ARLINGTON, Virginia — Something extremely valuable was left behind in the nurses’ offices of shuttered Virginia schools: Personal protective equipment such as masks, gloves, gowns and hand sanitizer.

Bernadette Berset, a nurse at Bishop O’Connell High School in Arlington, hoped there was a way to get the medical supplies they no longer needed to health care workers who desperately did.

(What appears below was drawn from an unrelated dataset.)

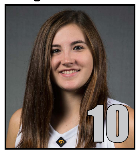
Center • 6-3 • Freshman Port Wing, Wis. South Shore

2015-16... Has appeared in every game of her Hawkeye career so far (13)... leads Iowa in field goal percentage (.571) and blocked shots (20) through 13 games... blocked three shots, scored six points, and pulled down three rebounds in her first Big Ten Conference game at Nebraska (Dec. 31)... reached double figures for the sixth time with 16 points and seven rebounds against Drake (Dec. 22)... tallied a career-high five blocks in Iowa's win at Virginia (Dec. 2)... had 11 points and eight rebounds in win over Houston (Nov. 28)... netted a careerhigh 23 points and was one rebound shy of her first career double-double against Western Illinois (Nov. 19)... tallied careerhighs for rebounds (9), field goals made (10), field goals attempted (14), steals (1), blocks (3) and minutes (29) against Western Illinois (Nov. 19)... came off the bench in Iowa's win over North Dakota (Nov. 13) for her collegiate debut... scored in double figures in three of her collegiate games so far, posting 12 points against North Dakota (Nov 13), 10 points against UT Martin (Nov. 15) and 23 against Western Illinois (Nov. 19)... named to the Hawkeye Challenge All-Tournament Team.

“The media is saying how direly in short supply all of this equipment is. So I reached out to Arlington Health Department and they responded,” she said. “(They) told me there’s a way we can drop off supplies (while) social distancing.”

With the help of Amber Dise, the Arlington Diocese’s school health coordinator, Berset reached out to other diocesan school nurses. Several across the diocese — including St. Anthony of Padua School in Falls Church, Our Lady of Good Counsel School in Vienna, St. Mary Basilica School in Alexandria, St. Agnes School in Arlington and St. Theresa School in Ashburn — felt they could spare some of their supplies.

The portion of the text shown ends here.